This notebook was created to test SHAP usage with Text Generation Models from Huggingface Models using Huggingface Transformers.

### Tested Model
- GPT-2
- GODEL
- Mistral 7B Instruct
- LlaMa 2 7B Chat (HF Version)

#### Tested Interpretability Implementation
Tests run with thesis-shap. Thesis SHAP is a fork of the shap package, updated with logs and a few fixes.

### Hardware Acceleration
This was run on a hardware accelerated google colab notebook with 50GB of RAM.**Using less RAM will lead to issues.** Also loading all models in the same session will lead to crashes (i.e. Mistral Instruct takes up 30GB of Memory alon).

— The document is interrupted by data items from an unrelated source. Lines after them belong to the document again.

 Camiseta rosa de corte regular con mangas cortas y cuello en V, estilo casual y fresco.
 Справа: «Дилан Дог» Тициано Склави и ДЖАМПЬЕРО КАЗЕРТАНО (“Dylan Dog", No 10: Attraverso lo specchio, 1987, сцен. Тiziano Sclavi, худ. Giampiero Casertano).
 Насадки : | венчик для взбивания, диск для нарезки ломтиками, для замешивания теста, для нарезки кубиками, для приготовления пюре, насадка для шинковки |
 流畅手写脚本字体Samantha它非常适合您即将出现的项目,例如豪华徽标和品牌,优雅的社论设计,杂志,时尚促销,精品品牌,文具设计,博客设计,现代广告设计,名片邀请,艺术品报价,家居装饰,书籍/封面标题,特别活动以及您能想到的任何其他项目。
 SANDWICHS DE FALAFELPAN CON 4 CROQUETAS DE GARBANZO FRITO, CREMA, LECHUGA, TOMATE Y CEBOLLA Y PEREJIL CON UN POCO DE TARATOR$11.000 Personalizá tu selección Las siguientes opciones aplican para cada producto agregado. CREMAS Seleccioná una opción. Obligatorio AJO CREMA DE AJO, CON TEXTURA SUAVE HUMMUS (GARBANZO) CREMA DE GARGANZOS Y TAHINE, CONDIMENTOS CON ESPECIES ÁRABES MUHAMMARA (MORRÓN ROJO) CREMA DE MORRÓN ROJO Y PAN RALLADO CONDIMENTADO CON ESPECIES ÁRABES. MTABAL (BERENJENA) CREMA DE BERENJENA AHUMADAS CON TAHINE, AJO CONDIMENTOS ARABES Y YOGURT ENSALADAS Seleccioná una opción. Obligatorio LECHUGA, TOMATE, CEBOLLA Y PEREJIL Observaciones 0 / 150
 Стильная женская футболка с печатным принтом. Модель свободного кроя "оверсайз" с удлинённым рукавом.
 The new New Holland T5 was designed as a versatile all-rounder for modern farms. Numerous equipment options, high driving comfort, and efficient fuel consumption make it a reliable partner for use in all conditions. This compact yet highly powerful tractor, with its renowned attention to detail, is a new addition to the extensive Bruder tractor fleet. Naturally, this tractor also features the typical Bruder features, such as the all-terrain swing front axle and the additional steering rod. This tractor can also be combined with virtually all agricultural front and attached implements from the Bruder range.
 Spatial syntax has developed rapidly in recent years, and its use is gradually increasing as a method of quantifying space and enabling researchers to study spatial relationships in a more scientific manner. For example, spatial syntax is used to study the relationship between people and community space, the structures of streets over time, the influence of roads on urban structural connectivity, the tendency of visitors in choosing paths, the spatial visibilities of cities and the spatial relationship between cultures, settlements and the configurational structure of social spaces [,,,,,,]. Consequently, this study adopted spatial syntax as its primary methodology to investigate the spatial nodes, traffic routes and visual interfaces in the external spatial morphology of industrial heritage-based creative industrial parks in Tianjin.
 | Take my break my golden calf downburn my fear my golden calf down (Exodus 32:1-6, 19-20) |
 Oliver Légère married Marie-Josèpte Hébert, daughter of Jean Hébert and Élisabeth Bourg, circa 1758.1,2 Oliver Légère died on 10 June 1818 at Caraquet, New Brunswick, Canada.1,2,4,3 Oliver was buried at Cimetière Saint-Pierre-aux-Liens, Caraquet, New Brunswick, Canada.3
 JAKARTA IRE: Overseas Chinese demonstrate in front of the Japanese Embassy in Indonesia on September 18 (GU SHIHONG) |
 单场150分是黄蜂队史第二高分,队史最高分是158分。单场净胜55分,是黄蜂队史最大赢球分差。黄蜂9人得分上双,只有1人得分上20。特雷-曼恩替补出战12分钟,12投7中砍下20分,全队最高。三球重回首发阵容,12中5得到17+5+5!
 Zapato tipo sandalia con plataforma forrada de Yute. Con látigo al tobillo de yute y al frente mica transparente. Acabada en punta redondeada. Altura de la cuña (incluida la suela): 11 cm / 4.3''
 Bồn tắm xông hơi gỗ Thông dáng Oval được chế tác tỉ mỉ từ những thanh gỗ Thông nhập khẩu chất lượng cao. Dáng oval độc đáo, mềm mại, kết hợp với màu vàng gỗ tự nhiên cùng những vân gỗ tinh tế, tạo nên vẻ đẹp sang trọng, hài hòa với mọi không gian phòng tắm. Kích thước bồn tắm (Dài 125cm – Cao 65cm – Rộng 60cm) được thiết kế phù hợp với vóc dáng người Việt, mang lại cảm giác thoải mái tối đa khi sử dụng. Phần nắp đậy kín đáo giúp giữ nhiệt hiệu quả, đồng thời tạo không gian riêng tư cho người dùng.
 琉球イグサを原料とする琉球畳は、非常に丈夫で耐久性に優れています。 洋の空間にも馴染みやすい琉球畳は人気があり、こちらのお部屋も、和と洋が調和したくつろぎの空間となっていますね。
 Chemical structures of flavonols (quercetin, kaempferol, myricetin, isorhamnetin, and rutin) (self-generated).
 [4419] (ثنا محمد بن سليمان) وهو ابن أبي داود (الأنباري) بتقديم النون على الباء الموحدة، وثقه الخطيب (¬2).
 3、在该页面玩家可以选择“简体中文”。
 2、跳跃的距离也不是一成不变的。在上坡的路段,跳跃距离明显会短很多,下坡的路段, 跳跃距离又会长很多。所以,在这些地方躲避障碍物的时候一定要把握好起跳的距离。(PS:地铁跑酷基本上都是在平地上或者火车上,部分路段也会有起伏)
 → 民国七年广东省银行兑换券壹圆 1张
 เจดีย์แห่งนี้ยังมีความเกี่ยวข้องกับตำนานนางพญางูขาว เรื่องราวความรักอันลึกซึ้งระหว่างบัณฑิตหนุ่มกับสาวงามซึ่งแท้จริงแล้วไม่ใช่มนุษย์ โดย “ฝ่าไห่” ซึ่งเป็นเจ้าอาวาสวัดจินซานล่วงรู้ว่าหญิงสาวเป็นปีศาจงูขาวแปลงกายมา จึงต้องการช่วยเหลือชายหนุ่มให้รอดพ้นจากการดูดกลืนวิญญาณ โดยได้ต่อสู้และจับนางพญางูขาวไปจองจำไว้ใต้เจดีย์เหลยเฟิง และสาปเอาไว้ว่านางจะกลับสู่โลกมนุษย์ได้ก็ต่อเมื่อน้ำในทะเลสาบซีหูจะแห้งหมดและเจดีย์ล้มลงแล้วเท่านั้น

Additionally a GPU can be used, but shap does not use GPU Acceleration and the models are reasonably fast on pure CPU performance.

---

**Do not run this entire Jupyter Notebook all at once, there most certainly will be crashes. Rather check individual code blocks and run the one by one.**

---



## Installation, Imports and Setup

### Tokens for Downloads

Without a Github token the different variant of shap cannot be loaded. Without a HGF Token llama cannot load from the huggingface hub.

This is set up for colab, alternatively the commented string variant below can be used. For this replace the string with an actual token.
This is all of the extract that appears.